MapReduce (MR) (Jeffrey and Sanjay, 2004; 
Duda, 2012; Hejmalíček, 2015) became the next step 
of Data Warehouse evolution.  There are many 
technologies based on MR that allow implementation 
of a Data Warehouse (Li, et.al, 2014).  Hive is an 
example of major Facebook platform components.  It 
is intended for implementation of a Data Warehouse 
in Hadoop (Huai, et al., 2014).  Here a SQL query is 
translated into a series of MR tasks.  Some 
experiments show that Hive is significantly slower 
than other methods (Duda, 2012; Zhou and Wang, 
2013).  In order to solve the low performance problem 
of a Data Warehouse in MR systems some methods 
were developed that allow access to Data Warehouse 
directly in MR (i.e. without additional components).  
Four such methods (MFRJ, MRIJ, MRIJ on RCFile, 
MRIJ with big dimension tables) are described in 
(Zhou and Wang, 2013).  They are based on the 
dimension table caching in the RAM of each node. 
Along with the MR Hadoop a MapReduce-like 
system Spark and others are used; however, their 
discussion is outside of this paper’s scope. 
This paper discusses Multi-Fragment-Replication 
Join (MFRJ) method (Zhou and Wang, 2013), which 
unlike other methods allows access to n-dimensional 
Data Warehouse for only one MR task and avoids 
extra transfers of the fact table external keys (section 
3).  It is also simple in implementation. Effectiveness 
of this method in comparison with other methods is 
shown in (Zhou and Wang, 2013). 
The motivation of this work is the need for Data 
Warehouse access time forecasts, due to the intense 
growth in number of MR applications. Examples of 
such applications are provided below: 
o  Internet-application log processing for large 
internet shops and social networks (Duda, 
2012) for service demand analysis. 
o  Large data volume processing for data 
collected by credit organizations for market 
behavior forecasts. 
o  Statistics calculation for large weather 
forecast processing. 
The problem is that large volume data processing 
is time-consuming which may become unacceptable.  
Discovery of this problem at the operational stage 
leads to costly resolution.  First of all, there are many 
processing tasks.  Secondly, if the tasks are complex 
then tuning does not help.  In this case algorithms 
have to be changed and Map and Reduce functions 
recoded. This means redoing the already done work 
wasting time and resources.  Thus the processing time 
estimation for peak load during the design stage, i.e. 
before MR tasks implementation, is beneficial. 
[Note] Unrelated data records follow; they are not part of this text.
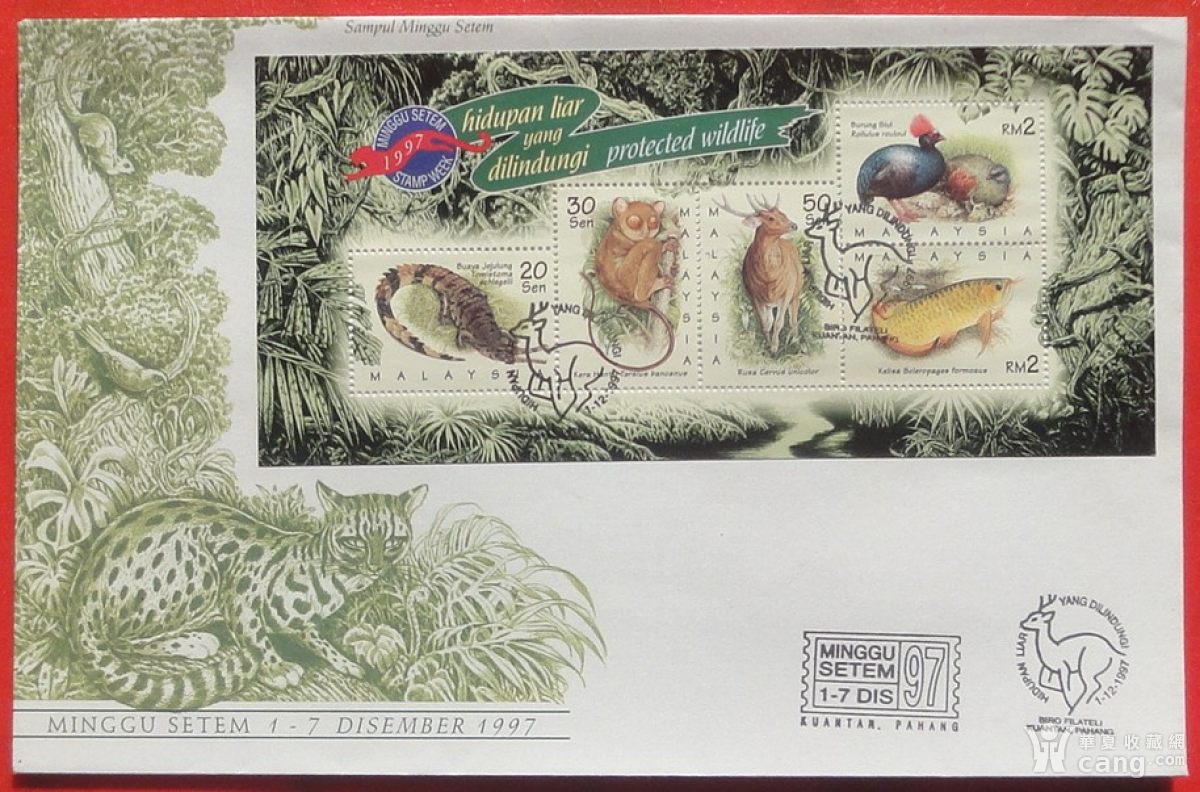 马来西亚邮票首日封1997年12月1日珍稀动物五枚全套
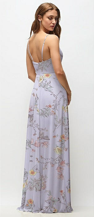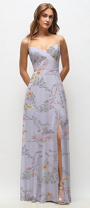 Wrap Bodice Floral Chiffon Maxi Dress with Adjustable Spaghetti Straps in butterfly botanica silver dove
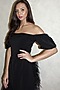 Featuring a black off shoulder jumpsuit in crepe base with feathers detailing.
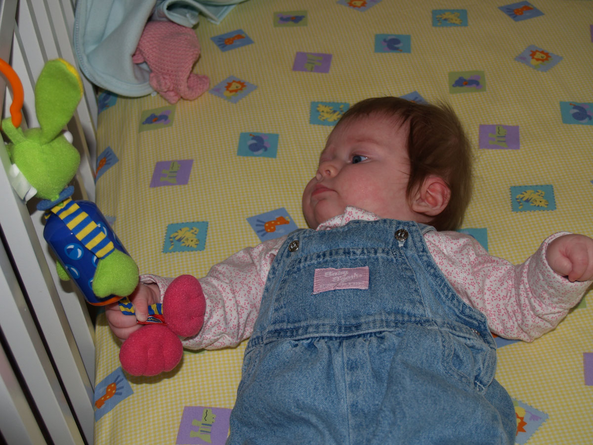 Ava has recently started becoming more "grabby." She has a jingly, dangly bunny toy on the side of her crib that she used to just bat at (or kick, if she had worked herself 90 -- or 270 -- degrees, which she started doing about a month ago), but lately she's started actually grabbing its skinny little legs and pulling it toward herself or just yanking it around. She'll also grab onto her link-a-doos (colorful plastic rings that link together) and actually hold on while she waves her arm around, tightening her grip if you pull on the other end. (Before she would occasionally close her fist around one, but would usually drop it fairly quickly because she wasn't really holding on intentionally.) And when she's on the changing table she'll usually grab onto the bars on the sides of the table with each hand. She's also started to grab onto her clothes when I'm trying to dress her, and even sometimes her diaper when I'm trying to put it on her. It's amazing how much this behavior has progressed even in just the past week or so; it's kind of fascinating to watch. My favorite manifestation of her increasing grabbiness, though, is that she grabs onto Mommy and Daddy (or our clothing -- or especially Mommy's hair) a lot more. It's very sweet. And occasionally painful. ;-)
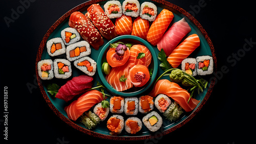 © Aghavni, Fototapeta premium Vibrant images of fresh sushi rolls, arranged artfully on a plate. Generative AI
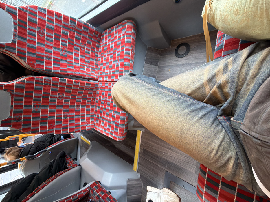 The image displays the interior of a public transport vehicle, identified as a bus, located in Unknown, Unknown. In the foreground, a person is seated, viewing their legs which are crossed at the ankles. They wear faded blue jeans and a dark grey or brown hooded garment. A white sneaker is partially visible on the left foot. To the immediate right, two unoccupied seats are upholstered in a red, grey, and white plaid fabric. A light-colored cushion or bag rests to the right of the foreground subject. In the mid-ground, a passenger with light brown hair, wearing a dark jacket, is visible on the left, seated in a grey and black seat. The vehicle's floor is a grey faux-wood laminate with yellow safety strips. A large window on the right side shows a blurred exterior. Yellow grab handles are present in the background.
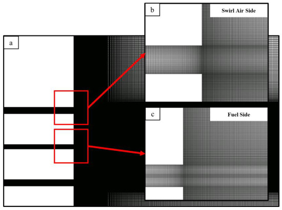 Numerical mesh definition of the computational domain (a). Enlarged view of Swirl Air Side (b), Enlarged view of Fuel Side (c).
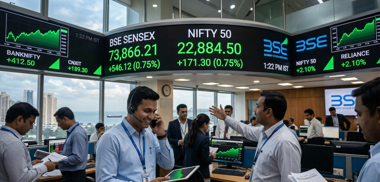 सोमवार, 6 अप्रैल 2026 को भारतीय शेयर बाजार में शुरुआती उतार-चढ़ाव के बाद दोपहर तक जबरदस्त रिकवरी देखने को मिली। बीएसई सेंसेक्स (BSE Sensex) 546 अंकों से ज्यादा की छलांग लगाकर 73,866 के स्तर पर पहुंच गया, जबकि निफ्टी 50 (Nifty 50) भी 171 अंकों की मजबूती के साथ 22,884 के आसपास कारोबार करता दिखा। इस तेजी का मुख्य कारण अमेरिका और ईरान के बीच तनाव कम होने की उम्मीद और अंतरराष्ट्रीय स्तर पर ‘स्ट्रेट ऑफ होर्मुज’ के दोबारा खुलने की संभावनाएं मानी जा रही हैं।
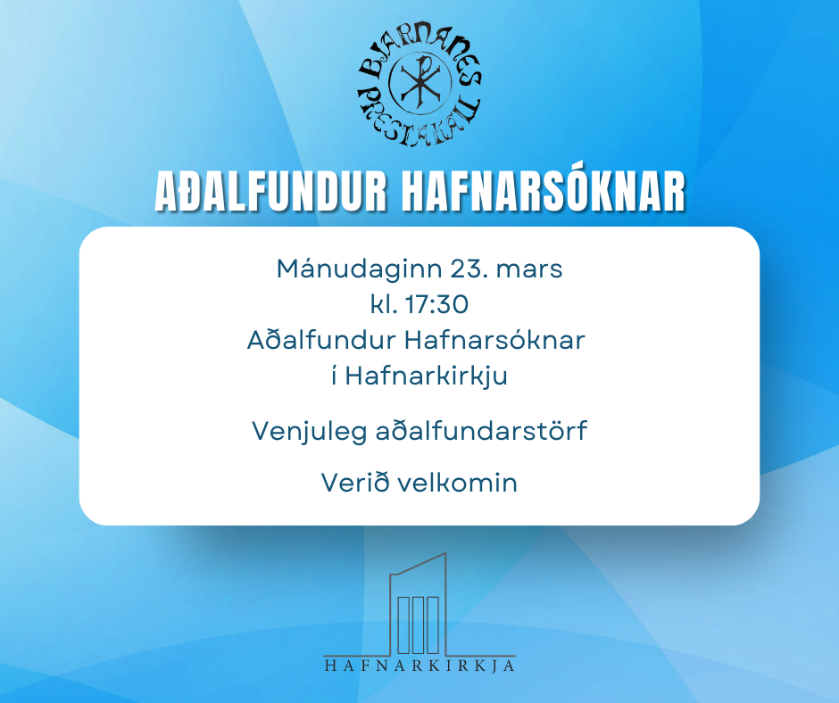 Aðalfundur Hafnarsóknar verður haldainn mánudaginn 23. mars kl. 17:30 í Hafnarkirkju
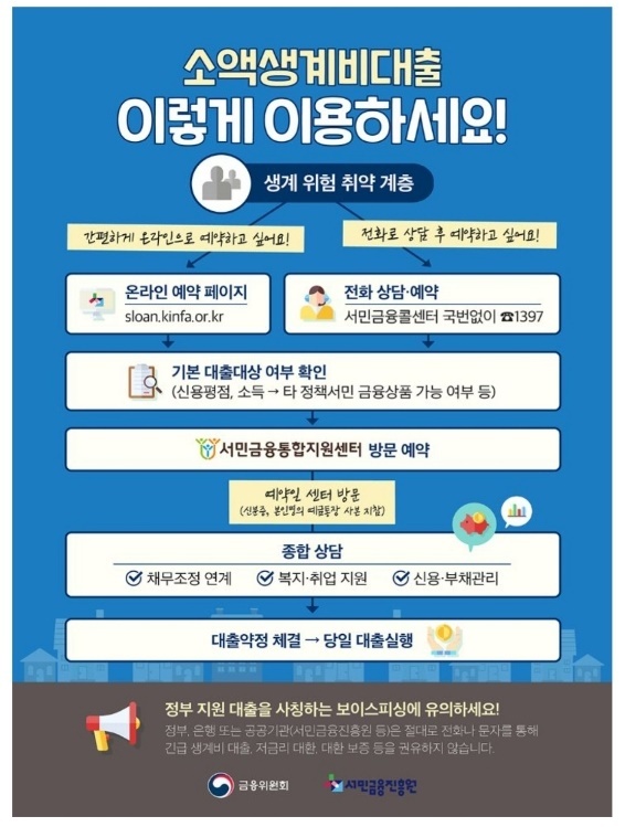 | 센터 방문ㆍ대출상담 시에는 ①신분증, ②대출금 수령용 본인명의 예금통장 사본 필요. 본인명의 예금통장 이용이 어려운 경우 자세한 구비서류는 센터 방문 전에 서민금융콜센터(☎1397) 확인 필요 |

The importance of modeling can be demonstrated 
on the following example.  Two RDBMSes (column 
and row-based) and MR Hadoop were compared in 
an experiment in (Pavlo, et.al, 2009).  The conclusion 
was that Hadoop loses in the test tasks. 
Detailed analysis in (Burdakov, et.al, 2014) 
showed that experiments with RDBMS were 
executed with the node number below 100, with low 
data selectivity in queries, with the lack of sorting, 
and record exchange of fragmented tables between 
the nodes.  Modeling was performed with calibrated 
models and different input parameters (Burdakov, 
et.al, 2014).  The results showed that Hadoop over-
performing RDBMS with high selectivity and sorting 
starting from 300 nodes (6 TB of stored data). 
Obviously, implementation of a test stand and live 
experiments on a large number of nodes is much more 
expensive than development of an adequate 
mathematical model and its application. 
This paper discusses an MFRJ access method to a 
Data Warehouse (section 3), analyzes MR workflow 
(section 4), develops an analytical model for Data 
Warehouse query execution time evaluation (section 
5), and calibrates the model and evaluates its 
adequacy based on experiments (section 6). 
2 RELATED WORK 
The developed analytical model for query execution 
time evaluation is a cost model (Simhadri, 2013). 
  Below we provide an overview of the existing 
models and point out their disadvantages. 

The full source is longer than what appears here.